Exercise = The pictures are to be left out, and all remaining data is to be transcribed exactly as it appears.
· · · ·
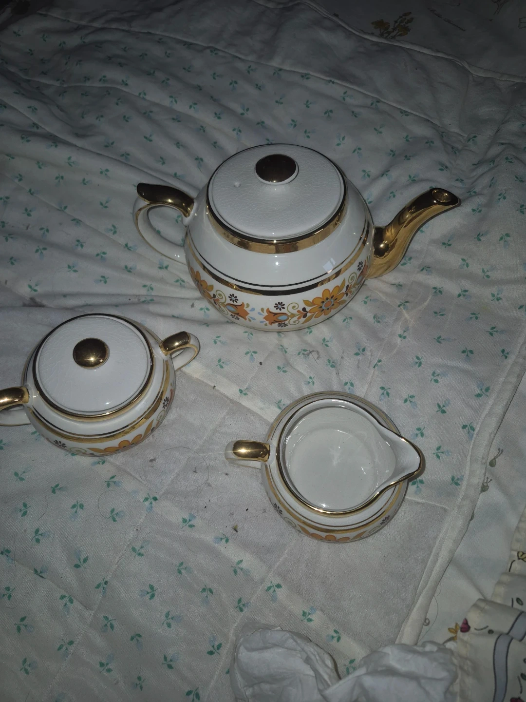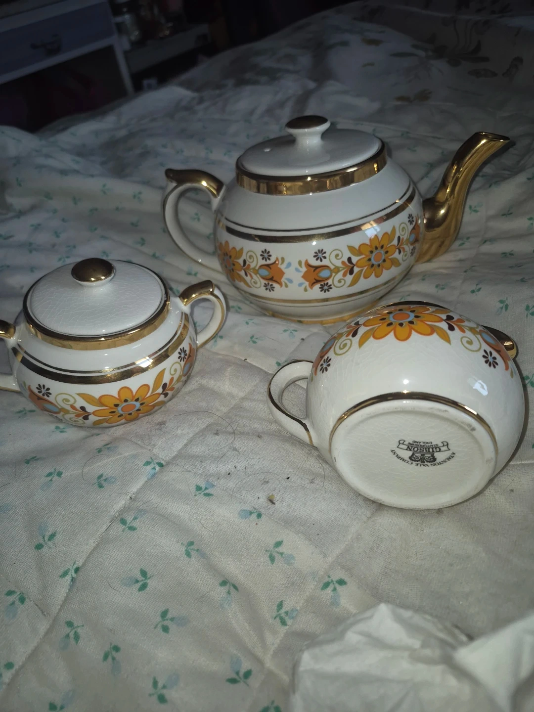 Selling a beautiful Gibson tea set! It includes a teapot, sugar bowl, and creamer. The set features a lovely floral pattern with gold trim. Perfect for afternoon tea or display!
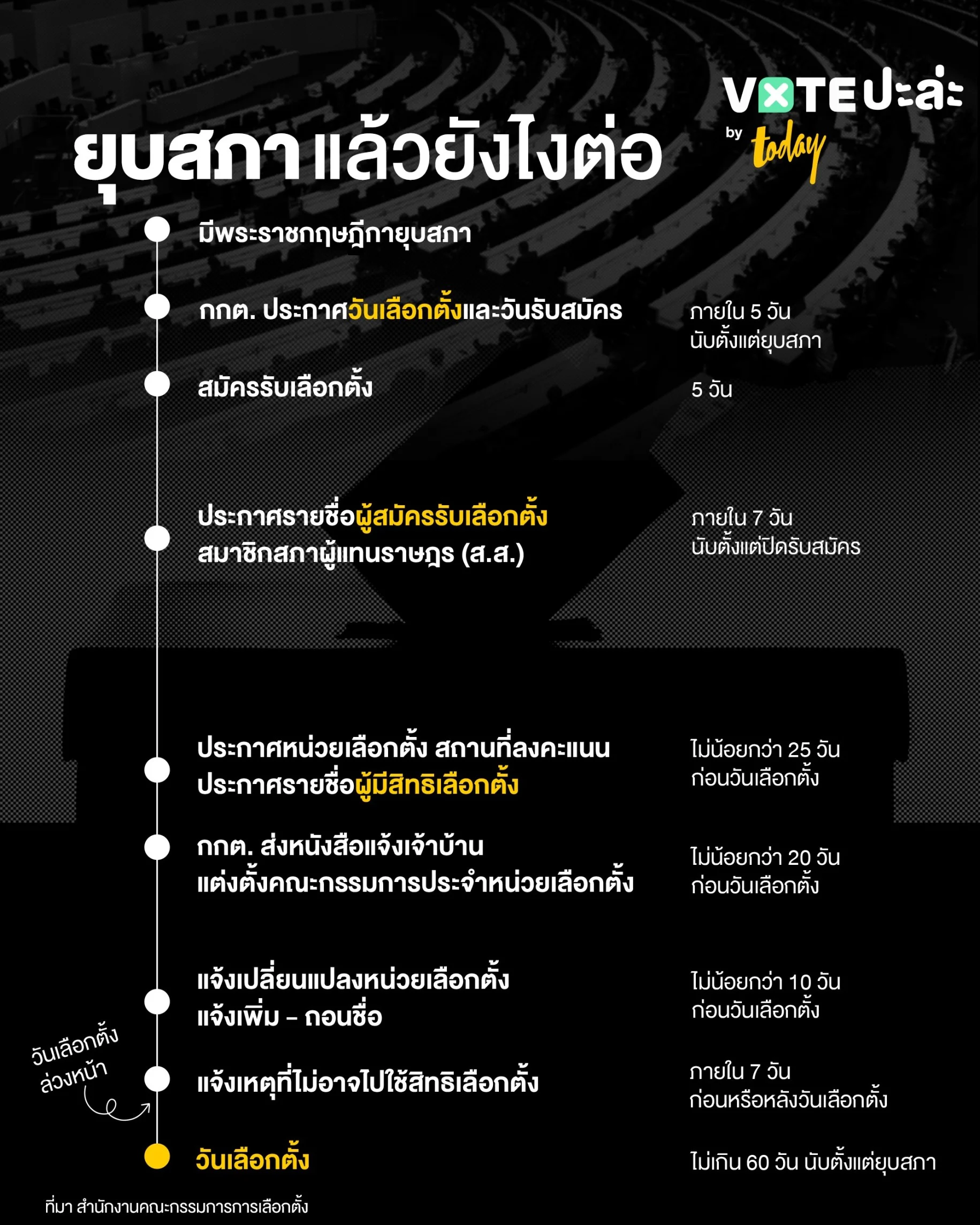 และสุดท้าย ‘วันเลือกตั้ง’ จะเกิดขึ้นภายใน 45-60 วันนับตั้งแต่ยุบสภา ซึ่งคาดว่าจะเป็นวันที่ 7 พ.ค. หรือ 14 พ.ค. 2566 นั่นเอง
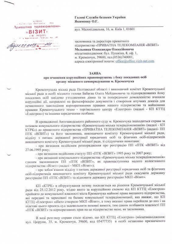 Это обращение – ответ на заявление собственника ЧТК «Визит» Александра Мельника, которое распространили СМИ 29 июля. Александр Мельник обвинил в коррупционных действиях мэра Кременчуга Олега Бабаева, директора коммунального предприятия «Рыночная площадь» Александра Гаврилова и директора коммунальной телерадиокомпании Сергея Перепелятника.
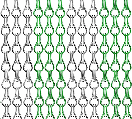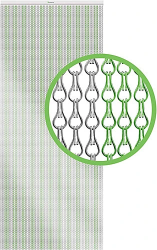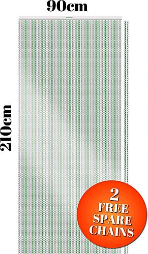 This functional Green And Silver fly chain screen (with 2 FREE spare chains and hanging fixtures included) effectively prevent flying insects from entering your home or business
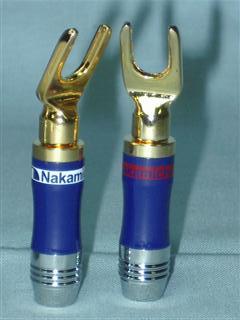 Conectores tipo garfo para caixa de som. Fabricados pela Nakamichi no Japão.
· · · ·
Written answer =
 Selling a beautiful Gibson tea set! It includes a teapot, sugar bowl, and creamer. The set features a lovely floral pattern with gold trim. Perfect for afternoon tea or display!
 และสุดท้าย ‘วันเลือกตั้ง’ จะเกิดขึ้นภายใน 45-60 วันนับตั้งแต่ยุบสภา ซึ่งคาดว่าจะเป็นวันที่ 7 พ.ค. หรือ 14 พ.ค. 2566 นั่นเอง
 Это обращение – ответ на заявление собственника ЧТК «Визит» Александра Мельника, которое распространили СМИ 29 июля. Александр Мельник обвинил в коррупционных действиях мэра Кременчуга Олега Бабаева, директора коммунального предприятия «Рыночная площадь» Александра Гаврилова и директора коммунальной телерадиокомпании Сергея Перепелятника.
 This functional Green And Silver fly chain screen (with 2 FREE spare chains and hanging fixtures included) effectively prevent flying insects from entering your home or business
 Conectores tipo garfo para caixa de som. Fabricados pela Nakamichi no Japão.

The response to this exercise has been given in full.